Please split the patch in two, one for libavfilter, and one for
libavutil, that should simplify review.

> @@ -50,6 +50,8 @@ HEADERS = adler32.h                                                     \
>  
>  HEADERS-$(CONFIG_LZO)                   += lzo.h
>  
> +HEADERS-$(CONFIG_OPENCL)                += openclwrapper.h
> +
>  ARCH_HEADERS = bswap.h                                                  \
>                 intmath.h                                                \
>                 intreadwrite.h                                           \
> @@ -104,6 +106,8 @@ OBJS-$(CONFIG_LZO)                      += lzo.o
>  
>  OBJS += $(COMPAT_OBJS:%=../compat/%)
>  
> +OBJS-$(CONFIG_OPENCL)                   += openclwrapper.o
> +
>  SKIPHEADERS          = old_pix_fmts.h
>  
>  TESTPROGS = adler32                                                     \
> diff --git a/libavutil/openclwrapper.c b/libavutil/openclwrapper.c
> new file mode 100644
> index 0000000..f11aed6
> --- /dev/null
> +++ b/libavutil/openclwrapper.c
> @@ -0,0 +1,812 @@
> +/*
> + * Copyright (C) 2012 Peng Gao <peng at multicorewareinc.com>
> + * Copyright (C) 2012 Li   Cao <li at multicorewareinc.com>
> + * Copyright (C) 2012 Wei  Gao <weigao at multicorewareinc.com>
> + *
> + * This file is part of FFmpeg.
> + *
> + * FFmpeg is free software; you can redistribute it and/or
> + * modify it under the terms of the GNU Lesser General Public
> + * License as published by the Free Software Foundation; either
> + * version 2.1 of the License, or (at your option) any later version.
> + *
> + * FFmpeg is distributed in the hope that it will be useful,
> + * but WITHOUT ANY WARRANTY; without even the implied warranty of
> + * MERCHANTABILITY or FITNESS FOR A PARTICULAR PURPOSE.  See the GNU
> + * Lesser General Public License for more details.
> + *
> + * You should have received a copy of the GNU Lesser General Public
> + * License along with FFmpeg; if not, write to the Free Software
> + * Foundation, Inc., 51 Franklin Street, Fifth Floor, Boston, MA 02110-1301 USA
> + */
> +

> +#include <stdio.h>
> +#include <stdlib.h>
> +#include <string.h>

this should not be required

> +#include <windows.h>

That looks definitively non portable, should be avoided.

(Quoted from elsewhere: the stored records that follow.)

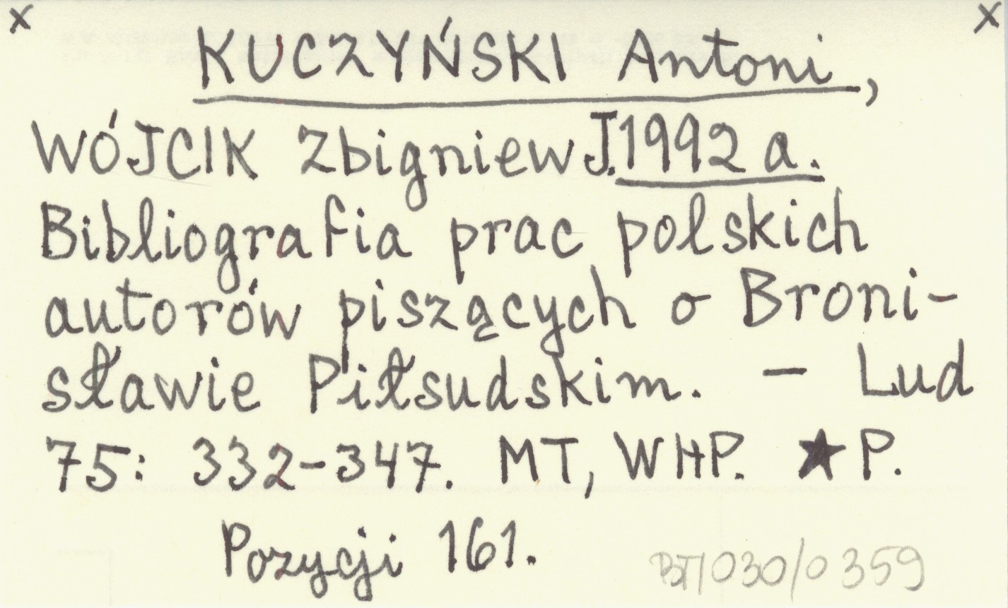 KUCZYŃSKI Antoni WÓJCIK, Zbigniew. ; 1992 a Bibliografia prac polskich autorów piszących o Bronisławie Piłsudskim.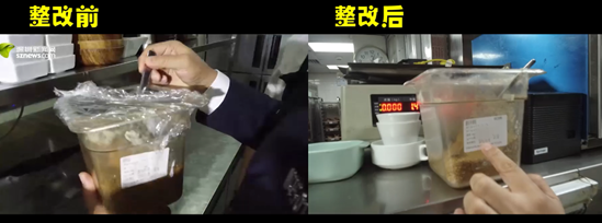 4月19日記者回訪發(fā)現(xiàn)該餐廳負(fù)責(zé)人整改態(tài)度積極,針對(duì)檢查中指出的問題進(jìn)行了逐項(xiàng)整改,包括:后廚外專門騰出一個(gè)空間擺放食材及工具,不再占用廚房區(qū)域;生熟食已做到分開放置;倉庫擺放整齊有序;消毒柜溫度已可以達(dá)到90度以上;新設(shè)置一個(gè)粗加工區(qū)與烹調(diào)區(qū)隔離開;被查封的涼菜間重新進(jìn)行了問題排查與改善。經(jīng)過轄區(qū)食藥監(jiān)管部門的復(fù)評(píng)后目前該餐廳的餐飲量化等級(jí)已恢復(fù)至B級(jí)。該餐廳負(fù)責(zé)人也向記者表示,“星期三查餐廳”不僅是檢查,還給予他們對(duì)后廚管理的手把手的指導(dǎo),提升很大,后續(xù)將繼續(xù)加強(qiáng)后廚管理,給消費(fèi)者一個(gè)安全健康的就餐環(huán)境保障。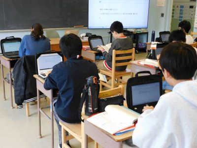 9年生3時間目は、国語です。今日は、教科書の『挨拶~原爆の写真によせて~』を読み、詩の中に出てくる言葉に触れながら人間と社会について考えたことを文章にしていました。短時間で制限字数(400字)の文章を仕上げることに苦労している生徒もいました。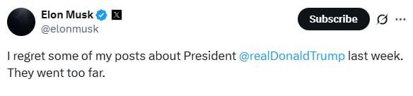 ਇੱਥੇ ਇਹ ਵੀ ਦੱਸ ਦੇਈਏ ਕਿ ਹਾਲ ਹੀ ਵਿੱਚ ਐਲੋਨ ਮਸਕ ਨੇ ਸੋਸ਼ਲ ਮੀਡੀਆ ਪਲੇਟਫਾਰਮ ਐਕਸ ਤੋਂ ਉਹ ਪੋਸਟ ਹਟਾ ਦਿੱਤੀ ਹੈ ਜਿਸ ਵਿੱਚ ਉਨ੍ਹਾਂ ਨੇ ਦਾਅਵਾ ਕੀਤਾ ਸੀ ਕਿ ਡੋਨਾਲਡ ਟਰੰਪ ਦਾ ਨਾਮ ਸੈਕਸ ਅਪਰਾਧੀ ਜੈਫਰੀ ਐਪਸਟਾਈਨ ਨਾਲ ਸਬੰਧਤ ਫਾਈਲਾਂ ਵਿੱਚ ਸੀ। ਮਸਕ ਦੇ ਪੋਸਟ ਨੂੰ ਮਿਟਾਉਣ ਦੇ ਕਦਮ ਨੂੰ ਟਰੰਪ ਨਾਲ ਸੰਭਾਵਿਤ ਸੁਲ੍ਹਾ ਦੇ ਸੰਕੇਤ ਵਜੋਂ ਦੇਖਿਆ ਜਾ ਰਿਹਾ ਹੈ।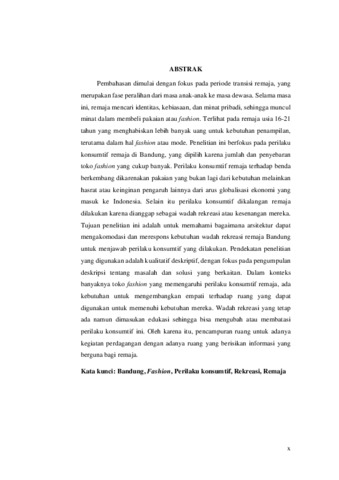 Pembahasan dimulai dengan fokus pada periode transisi remaja, yang merupakan fase peralihan dari masa anak-anak ke masa dewasa. Selama masa ini, remaja mencari identitas, kebiasaan, dan minat pribadi, sehingga muncul minat dalam membeli pakaian atau fashion. Terlihat pada remaja usia 16-21 tahun yang menghabiskan lebih banyak uang untuk kebutuhan penampilan, terutama dalam hal fashion atau mode. Penelitian ini berfokus pada perilaku konsumtif remaja di Bandung, yang dipilih karena jumlah dan penyebaran toko fashion yang cukup banyak. Perilaku konsumtif remaja terhadap benda berkembang dikarenakan pakaian yang bukan lagi dari kebutuhan melainkan hasrat atau keinginan pengaruh lainnya dari arus globalisasi ekonomi yang masuk ke Indonesia. Selain itu perilaku konsumtif dikalangan remaja dilakukan karena dianggap sebagai wadah rekreasi atau kesenangan mereka. Tujuan penelitian ini adalah untuk memahami bagaimana arsitektur dapat mengakomodasi dan merespons kebutuhan wadah rekreasi remaja Bandung untuk menjawab perilaku konsumtif yang dilakukan. Pendekatan penelitian yang digunakan adalah kualitatif deskriptif, dengan fokus pada pengumpulan deskripsi tentang masalah dan solusi yang berkaitan. Dalam konteks banyaknya toko fashion yang memengaruhi perilaku konsumtif remaja, ada kebutuhan untuk mengembangkan empati terhadap ruang yang dapat digunakan untuk memenuhi kebutuhan mereka. Wadah rekreasi yang tetap ada namun dimasukan edukasi sehingga bisa mengubah atau membatasi perilaku konsumtif ini. Oleh karena itu, pencampuran ruang untuk adanya kegiatan perdagangan dengan adanya ruang yang berisikan informasi yang berguna bagi remaja. Kata kunci: Bandung, Fashion, Perilaku konsumtif, Rekreasi, Remaja

> +#include "openclwrapper.h"
> +#include "avstring.h"
> +#include "log.h"

> +#include "libavfilter/deshake_kernel.h"

you are not supposed to include a libavfilter header from libavutil
(which is autocontained and must not depend on other FFmpeg
libraries, not even for compilation).

> +
> +
> +

> +#if defined(__APPLE__)
> +#include <OpenCL/cl.h>
> +#else
> +#include <CL/cl.h>
> +#endif
> +

This should be fixed at the configure level, feel free to ask if you
don't know why.

> +#if defined(_MSC_VER)
> +#define strcasecmp strcmpi
> +#endif

we have a portable variant of strcasecmp, check in avstring.h.

> +
> +#define MAX_KERNEL_STRING_LEN   64
> +#define MAX_CLFILE_NUM 50
> +#define MAX_CLKERNEL_NUM 200
> +#define MAX_CLFILE_PATH 255
> +#define MAX_KERNEL_NUM  50
> +#define MAX_KERNEL_NAME_LEN 64
> +
> +#ifndef INVALID_HANDLE_VALUE
> +#define INVALID_HANDLE_VALUE NULL
> +#endif
> +
> +#define THREAD_PRIORITY_TIME_CRITICAL 15
> +
> +typedef struct _GPUEnv {

The "_" prefix is reserved, so should be avoided in
application/library code.

> +    //share vb in all modules in hb library
> +    cl_platform_id platform;

> +    cl_device_type dType;

style: camelCase for variable names should be avoided, device_type
should be good enough (and more explicative).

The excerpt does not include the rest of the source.